Re: Age Header Field in HTTP/1.1 from Roy T. Fielding on 1997-04-01 (ietf-http-wg@w3.org from January to March 1997)

From: Roy T. Fielding <fielding@kiwi.ICS.UCI.EDU>
Date: Mon, 31 Mar 1997 20:38:33 -0800
To: Jeffrey Mogul <mogul@pa.dec.com>
Cc: http-wg@cuckoo.hpl.hp.com
Message-Id: <9703312038.aa08552@paris.ics.uci.edu>
>For the record, when I wrote this paragraph (and I did write it),
>I should have written "HTTP/1.1 proxy caches", not "HTTP/1.1 caches".
>My error; I was being sloppy.

The issue applies equally to server-side (gateway) caches; the wording
I supplied is correct.

>      The expiration mechanism applies only to responses taken from a cache
>      and not to first-hand responses forwarded immediately to the
>      requesting client.
>
>No, this is not a contradiction.  That paragraph from section 13.2.1
>pertains to the decision about whether a response is stale or fresh.
>This is quite distinct from any rules about how the inputs to that
>decision are provided.

The expiration mechanism includes the Age header field, and that is how
I read the section.

>   and also directly contradicts the last paragraph of section 13.2.3 of
>   RFC 2068 that states:
>
>      Note that a client cannot reliably tell that a response is first-
>      hand, but the presence of an Age header indicates that a response
>      is definitely not first-hand.
>
>This is indeed a contradiction; the Note in section 13.2.3 is erroneous.

On what basis do you make that claim?  I know that doesn't follow my
intentions, and I know it doesn't follow Koen's intention when he asked
for the note to be added.  Your interpretation of Age is just wrong.

>   However, in section 13.2.3 of RFC 2068, we also find
>
>      In essence, the Age value is the sum of the time that the response
>      has been resident in each of the caches along the path from the
>      origin server, plus the amount of time it has been in transit along
>      network paths.
>
>   which in our example would imply an age value of (a+b+c+d).
>
>You are reading this without paying attention to the clear statement
>in the previous paragraph that "the Age header value is the sender's
>estimate of the  amount of time since the response was generated at
>the origin server."  The word "estimate" there on purpose.  The
>phrase "In essence" was meant to reinforce that, but I guess it
>didn't help enough.  If you prefer, we can rewrite that statement
>as 
>      In essence, the Age value is the sum of the time that the response
>      has been resident in each of the caches along the path from the
>      origin server, plus the amount of time it has been in transit along
>      network paths, plus a bound on the estimation error.

Oh, come on Jeff.  "estimate" is not a synonym for "inaccurate", and
"in essence" is not an invitation to ignore the rest of the sentence.
Furthermore, the equations I give for Option A conclusively demonstrate
that there is no bound on its estimation error.

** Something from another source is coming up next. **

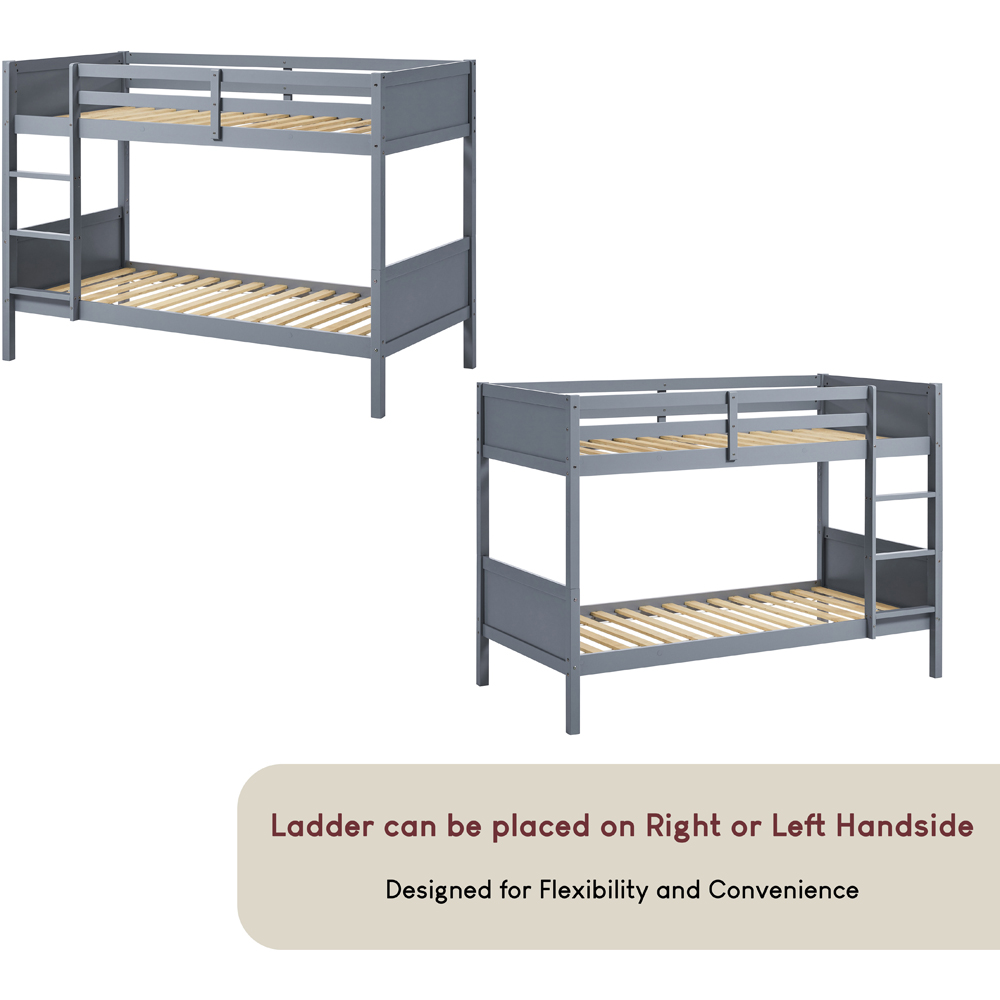 The Junior Vida Gemini Grey Detachable Bunk Bed is a versatile and modern sleeping solution for your home. This bunk bed features two 3ft single beds, providing comfortable and spacious sleeping spaces for both the top and bottom bunk. Designed with flexibility in mind, the Gemini Bunk Bed comes with a convenient ladder that can be positioned on either the left or right-hand side. This allows for easy access to the top bunk, ensuring safety and ease of use. One of the standout features of the Gemini Bunk Bed is its ability to transform into two separate beds, offering even more flexibility for your space. As your needs change or your children grow, you can easily separate the bunk beds into two individual single beds, providing additional sleeping options. Crafted with quality and durability in mind, the Gemini Bunk Bed is built to withstand the demands of daily use. The sturdy construction ensures a stable and secure sleeping environment, giving you peace of mind while you rest. Create a comfortable and functional bedroom with the Gemini Bunk Bed, making the most of your floor space without compromising on style. The sleek and modern design adds a touch of elegance to any room, complementing various interior themes. Whether you have children sharing a room, need a space-saving solution for a guest room, or want the flexibility to accommodate guests, the Gemini Bunk Bed is a practical and stylish choice. Weight Limit: 140kg Per Bunk. Please Note: This item requires self-assembly with easy-to-follow instructions provided. The actual colour of the product may vary slightly as your screen display setting and lighting with your home environment may differ from our own.

>All of the points I make above are minor details; the real question
>comes up later in Roy's draft.
>
>In section 4, "Analysis of Option B", Roy carefully analyzes the
>possibility that Option B might overestimate the Age value.  He
>finds that there is no chance for an overestimate.  But he doesn't
>include here any analysis of possible *underestimates*. 

I put that in Section 5, as you know.

>In the
>following section, he does concede that these are possible.

Of course, since underestimation is also possible with Option A.
The only case I included is the only one that is relevant to the
discussion: the only condition under which Option A will not
underestimate and Option B will underestimate.
In all other cases, Option B will be more accurate than
Option A and either not underestimate the age, or underestimate it
no worse than does Option A.

>He
>then dismisses the scenario as "uncompelling" because of the number
>of caches involved.

AND the fact that all other cases, which are the only ones likely to
occur in practice, are not helped whatsoever by Option A.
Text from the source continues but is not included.